World Health Organisation Essential Medicines List: multiple sclerosis disease-modifying therapies application process
by Jennifer McDonell, MS Society of Canada
From Multiple Sclerosis Journal
Multiple sclerosis rates are increasing globally and while the number of treatments for the disease within the global market are also growing, access to them continues to present a concerning challenge in the treatment and care of MS. While access to safe and effective MS treatments predominantly impacts low-middle resource countries, it is also a barrier to disease management in high-resource countries.
As defined by the World Health Organization (WHO), ‘the model list of essential medicines contains the medications considered to be the most effective and safe to meet the most important needs of a health system’, subsequently it is often used by countries to establish their own lists of essential medications. The financial burden MS places on health and socioeconomic systems is vast and well documented, particularly in populations of MS patients who are untreated. Though there are more than a dozen medications for MS with regulatory approval globally, there are no medications on the EML for MS.
In 2018, the Multiple Sclerosis International Federation (MSIF) addressed this therapeutic gap by applying to the WHO to include three MS medications from different drug categories on the EML. Other MS medications have been submitted to previous versions of the EML, however none of the applications, including the recent MSIF submission have been successful.
MS is a complex disease, and its treatment can be equally as complicated. There is no MS treatment algorithm, no ‘one-size’ fits all. Robust clinical trial data demonstrating safety and efficacy, in addition to health and economic status, life stage, age, monitoring requirements, comorbidities, and other factors must be considered when selecting the best medication for a patient. How is ‘best’ defined though? Is it affordability? Safety during pregnancy? Avoiding agents that carry risks known to exacerbate certain pre-existing conditions? Pediatric patients, progressive patients, unresponsive patients, the list is extensive and unique to each person living with the disease. While all MS medications play an important role in the management of the disease, applying for all currently available medications on the international market was not a realistic goal. Instead, MSIF’s application aimed to establish a baseline of the minimum number of treatments that could treat the highest number of MS patients and following significant consideration, selected glatiramer acetate, fingolimod and ocrelizumab.

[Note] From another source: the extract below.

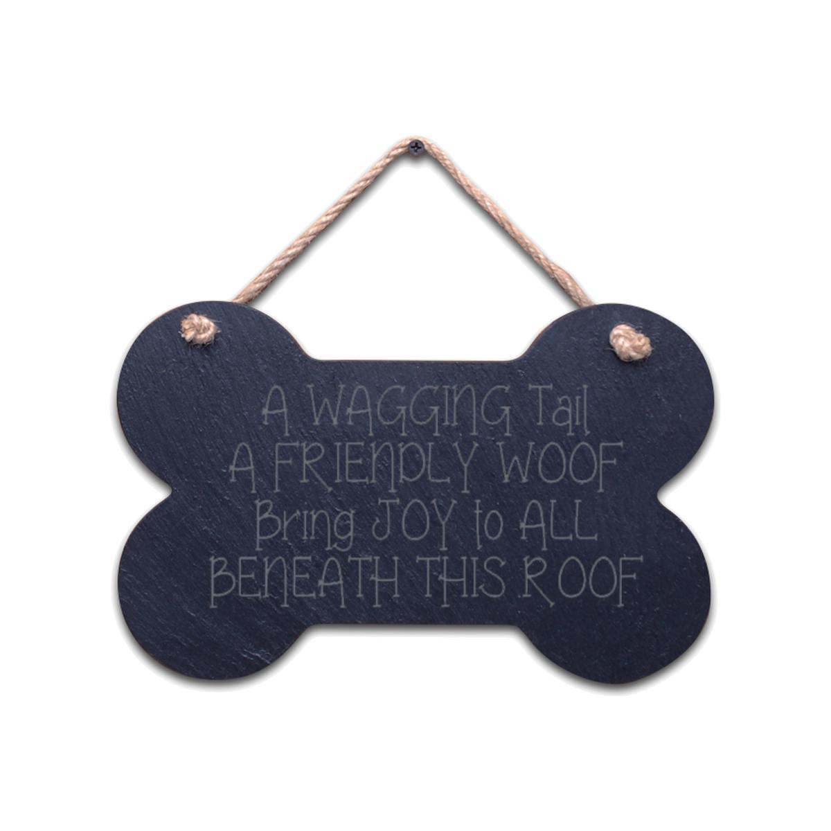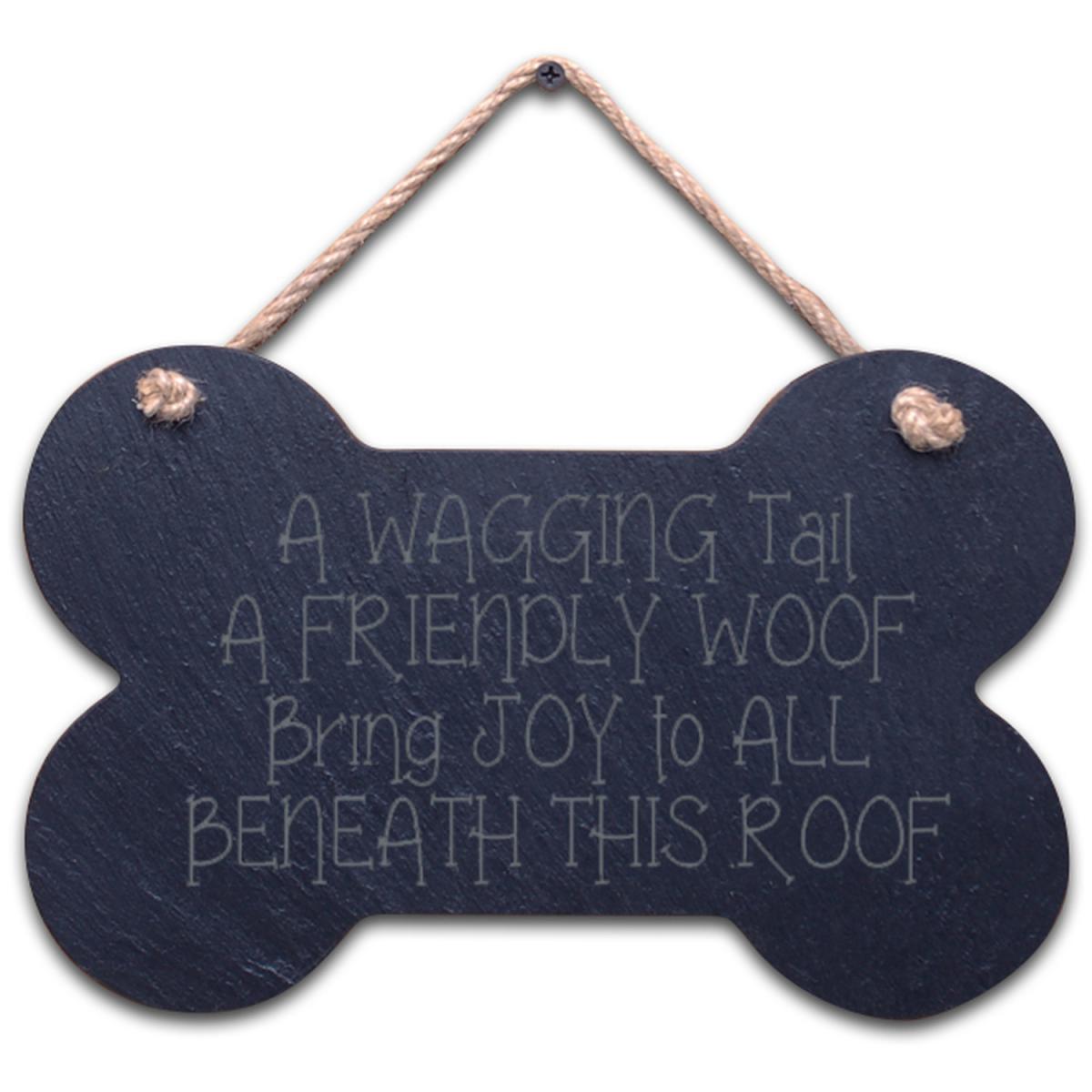 Bone Slate hanging sign - "A wagging tail a friendly woof"

Though the application was unsuccessful, several other issues related to access to care and treatment emerged that will influence which medications are considered for future EML applications. For example, a greater understanding of resources available in low-to middle income countries is required to establish MS treatment guidelines that are representative of a country’s ability to provide optimal treatment and care. Off-label agents that may be considered out-of-date or lacking data in high-income countries may be the only treatments for people living with MS in low-resource settings due to lower cost and availability. The 2018 application to the WHO included MS medications with marketing authorization only, as phase three trial data for these agents was identified as priority, however it was suggested a more inclusive approach to MS medication selection be considered in subsequent EML applications.
The outcome of the application process was disappointing. However, the work done by MSIF and its partners has increased global awareness of the importance of access to MS treatments. The MS movement has strengthened its role in advocating for access to treatment and care for people living with MS worldwide.